Download  ‘Whatever she may study, she can’t escape from washing dishes’: gender inequity in secondary education – evidence from a longitudinal study in India, Renu Singh, Protap Mukherjee. 

 

Secondary education is fundamental to achieving gender equity

India has made tremendous progress in reaching the goal of universalisation of primary education since the passing of the Right to Education Act in 2010.  Education was made a fundamental right for all children aged 6 to 14.  However there are still huge gaps when we look at secondary education.

While the Gross Enrolment Ratio in secondary education rose by 25 % to over 76 %  between 2000 and 2014, the Net Enrolment Ratio remained a low 45.6 %. This means that more than half of all adolescents aged 15-16 are not enrolled in secondary education.

This has immense bearing on long term outcomes for children, since secondary education is considered a necessary stepping stone towards a better and brighter future. For girls in particular, not continuing in education often results in them being pushed into child and early marriage, since girls continue to be considered ‘paraya dhan’ (belonging to somebody else) and son-preference prevails across socio-economic strata across the country. There has been a lot of concern over the fact that despite the Indian economy growing at a healthy average of about 7% between 2004 to 2011, there is a decline in female participation in the country’s labour force from over 35% to 25%, according to the ILO.

It is no surprise given these facts, that India ranks 130th out of 155 countries in the 2015 Global Gender Inequality Index.

Young Lives longitudinal data from Andhra Pradesh and Telangana found that boys were 1.8 times more likely to complete secondary education than girls, even after controlling for variables related to individual characteristics.
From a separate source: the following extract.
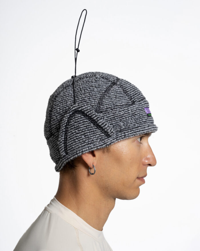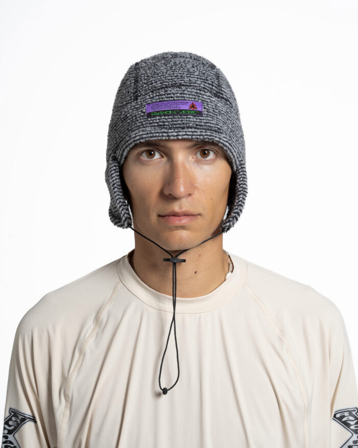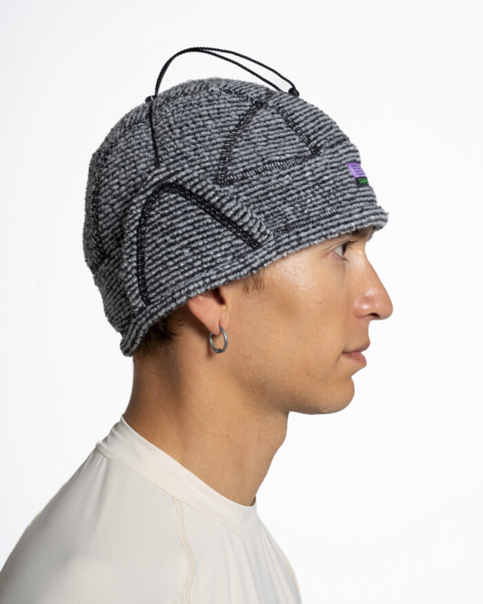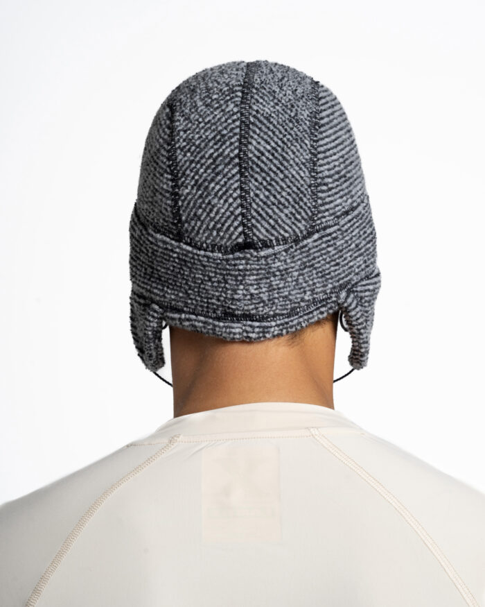 The Lahmacun hat’s composition of wool fibre and synthetic fibr es keeps you warm by controlling perspiration. Polyester on the inside can dr y quickly while the wool on the outside absorbs water vapour and lets it slowly evaporate into the air .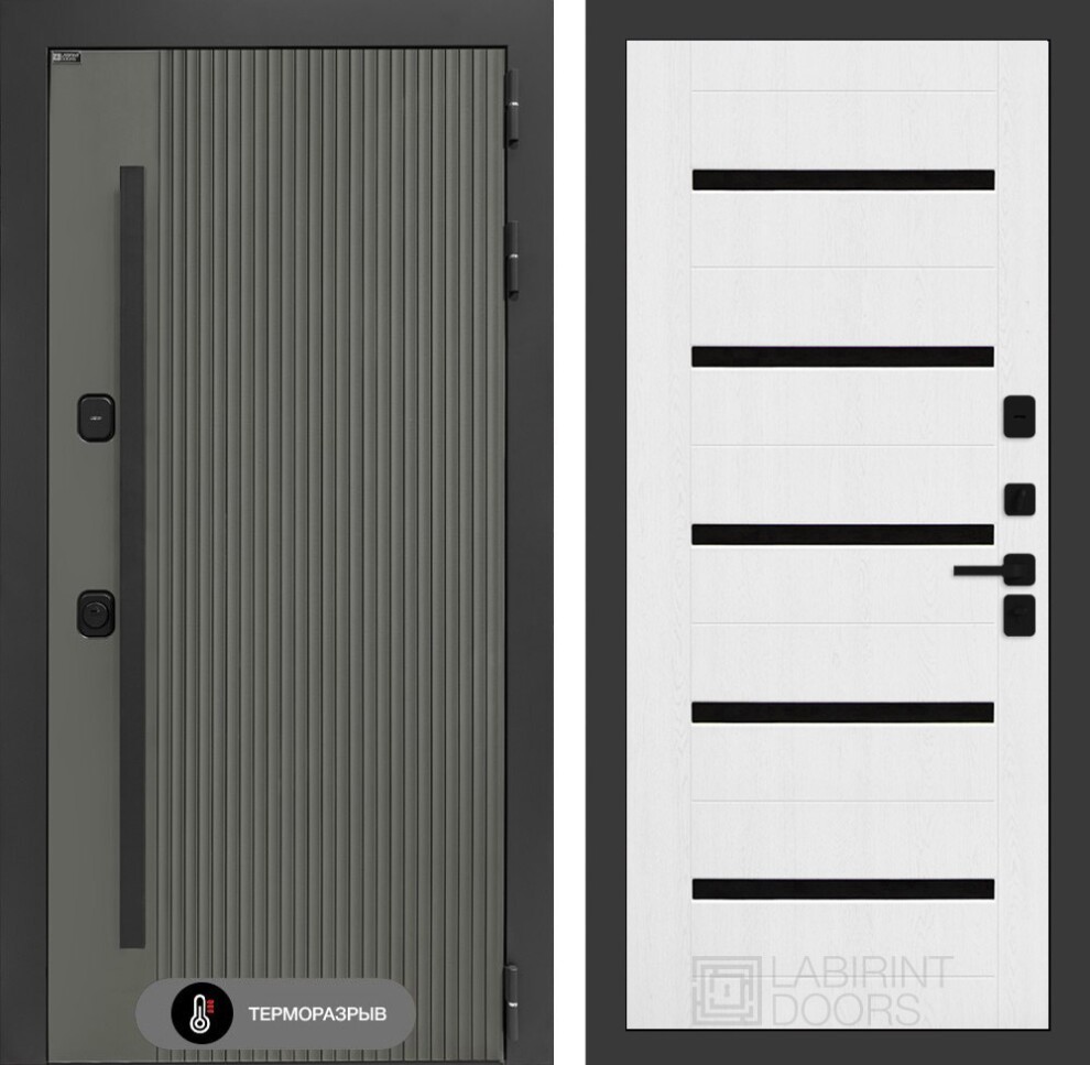 Входная дверь Термолаб 1 тепло 01 - Белое дерево, стекло черное

Girls left education due to various reasons including familial, societal and school related issues and by 19 approximately 37% of the girls were already married.

This compares to less than 2% of the boys.
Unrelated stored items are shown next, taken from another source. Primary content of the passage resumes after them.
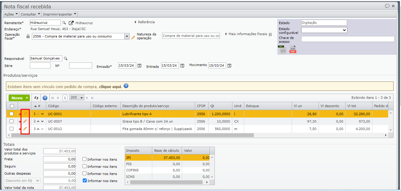 2) Antes de emitir ou receber a NF, abra a tela de edição do item cuja conta de débito será alterada, clicando no ícone do lápis: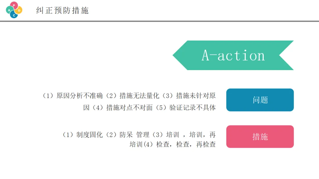 对于没有解决的问题,或者新发现的问题,要转入下一个PDCA循环。我们要分析为什么这些措施无效?是计划的问题还是执行的问题?需要采取什么新的对策?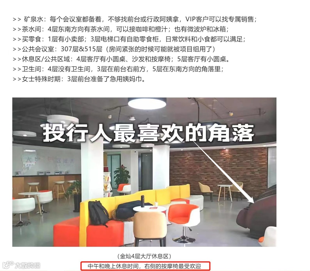 对了,在荣大快印四楼的一个公共休息区,放置着几张按摩椅可以提供给客户休息使用。荣大在自己官微中也提到,几张按摩椅是“投行人员最喜欢的角落”:

Furthermore, the girls at the highest risk of getting married early were from the poorest tercile and those living in rural locations. My colleagues Patricia Espinoza and Abhijeet Singh conducted a regression analysis and found that school enrolment at the age of 15 had the most statistically significant impact on reducing the probability of child marriage of girls by over 32%.  Lower parental and child aspirations for education at the age of 12 and 15, were also linked to early marriage.